The petroleum ministry has taken up the cudgels against Finance Minister P Chidambaram for stripping refineries and oil and gas producers of tax holiday, saying the move was against the principle of stable fiscal regime and would jeopardise investments in the oil sector.
Chidambaram had in his Budget proposals stripped seven year income tax holidays on commercial production or refining of mineral oil by excluding petroleum and natural gas from the definition of mineral oil.
He proposed that the tax holidays would be available only to refineries commissioning before April 1, 2009, a move that would benefit only Mukesh Ambani-run Reliance Petroleum's [Get Quote] export-oriented Jamnagar refinery, while the ones being set up by public sector firms would be left out.

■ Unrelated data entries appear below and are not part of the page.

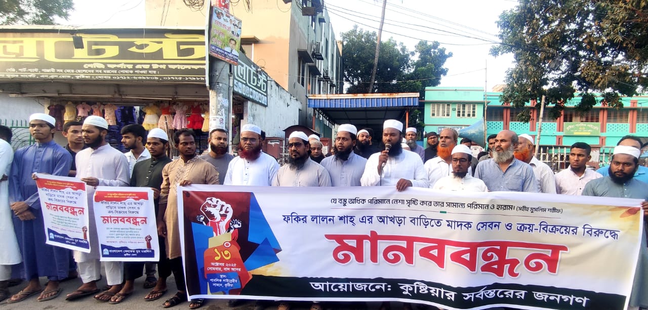 বক্তারা বলেন,লালন শাহ্-এর আখড়া একটি আধ্যাত্মিক সাধনার কেন্দ্র,অথচ সেখানে মাদক সেবন ও বেচাকেনার মতো অনৈতিক কার্যকলাপ ঘটছে—এটি ধর্ম,সংস্কৃতি ও সমাজের জন্য লজ্জাজনক।” তারা প্রশাসনের কাছে দ্রুত এসব মাদক কার্যক্রম বন্ধে কঠোর ব্যবস্থা নেওয়ার দাবি জানান।
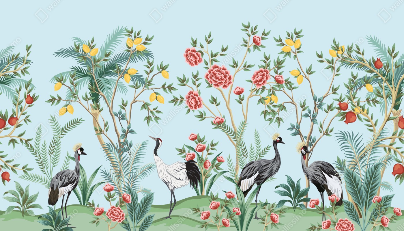 Tischaufkleber und Schreibtischaufkleber eleganter kranichgarten mit blüten
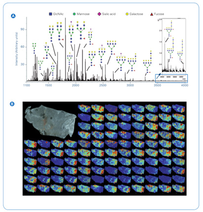 近期,南卡羅萊納醫(yī)科大學(xué)-細胞與分子藥理學(xué)&實驗治療學(xué)部發(fā)布了一篇基于MALDI FTMS成像技術(shù)的癌變生物標(biāo)記物N-聚糖的研究。該研究中利用了超高分辨、超高靈敏度的solariX MALDI FTMS質(zhì)譜平臺,通過對福爾馬林固定石蠟包埋(FFPE)組織中的N-聚糖進行質(zhì)譜成像分析,確定了N-聚糖為組織癌變生物標(biāo)志物。
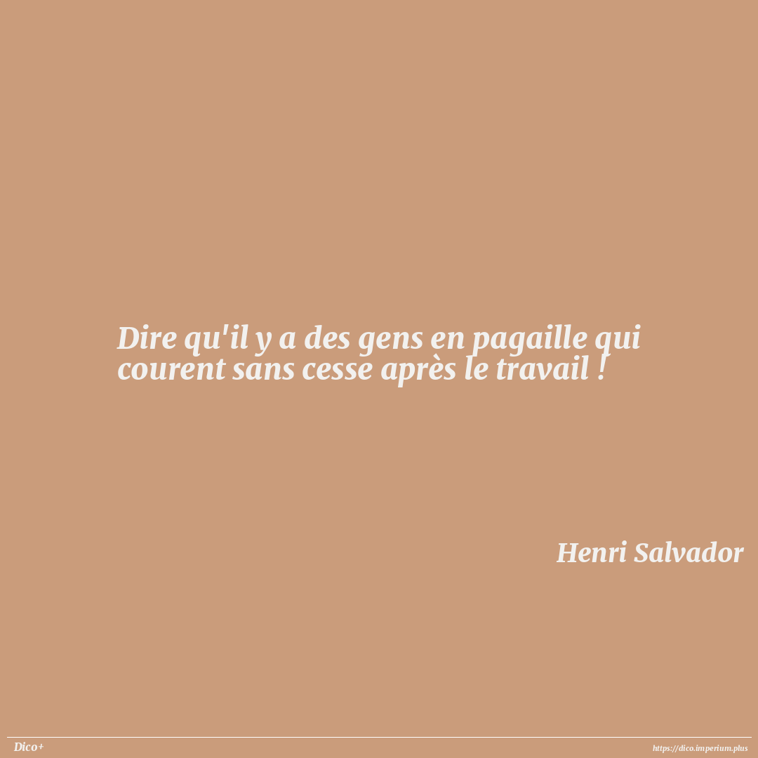Dire qu'il y a des gens en pagaille qui courent sans cesse après le travail !
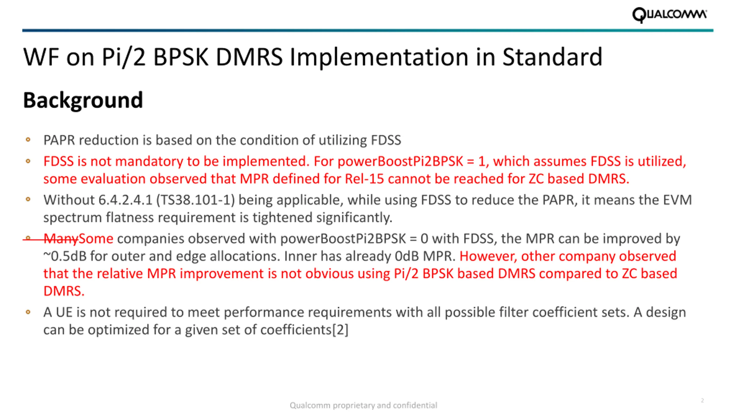 WF on Pi/2 BPSK DMRS Implementation in Standard Background PAPR reduction is based on the condition of utilizing FDSS FDSS is not mandatory to be implemented. For powerBoostPi2BPSK = 1, which assumes FDSS is utilized, some evaluation observed that MPR defined for Rel-15 cannot be reached for ZC based DMRS. Without 6.4.2.4.1 (TS38.101-1) being applicable, while using FDSS to reduce the PAPR, it means the EVM spectrum flatness requirement is tightened significantly. ManySome companies observed with powerBoostPi2BPSK = 0 with FDSS, the MPR can be improved by ~0.5dB for outer and edge allocations. Inner has already 0dB MPR. However, other company observed that the relative MPR improvement is not obvious using Pi/2 BPSK based DMRS compared to ZC based DMRS. A UE is not required to meet performance requirements with all possible filter coefficient sets. A design can be optimized for a given set of coefficients[2] 2 Qualcomm proprietary and confidential

Sources said the ministry in a letter to the finance ministry stated that the proposal would jeopardise Rs 81,545 crore (Rs 815.45 billion) investment lined up for raising refining capacity by 91 million tons by 2012 to make India a major fuel exporting hub.
It said the time line of April 1, 2009 for withdrawal of fiscal incentive created an imbalance within the sector as only Reliance refinery will be commissioned by then and those of IOC, BPCL [Get Quote] and HPCL [Get Quote] as also Essar would come up thereafter.

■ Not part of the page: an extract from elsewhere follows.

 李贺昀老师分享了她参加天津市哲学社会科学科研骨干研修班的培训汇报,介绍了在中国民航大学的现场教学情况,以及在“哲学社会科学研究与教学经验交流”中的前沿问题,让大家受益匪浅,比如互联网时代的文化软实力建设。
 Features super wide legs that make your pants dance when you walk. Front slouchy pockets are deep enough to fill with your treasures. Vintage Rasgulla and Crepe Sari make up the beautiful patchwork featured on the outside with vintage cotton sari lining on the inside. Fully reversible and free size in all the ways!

Sources said exclusion of petroleum and natural gas from the definition of mineral oil was contrary to the New Exploration Licensing Policy, under which tax holiday has been promised in the contracts for 165 exploration blocks already signed by the government.
The petroleum ministry sought withdrawal of the sunset clause immediately and alternatively applying it to projects that are commissioned after 2012 or for projects announced after April 1, 2009.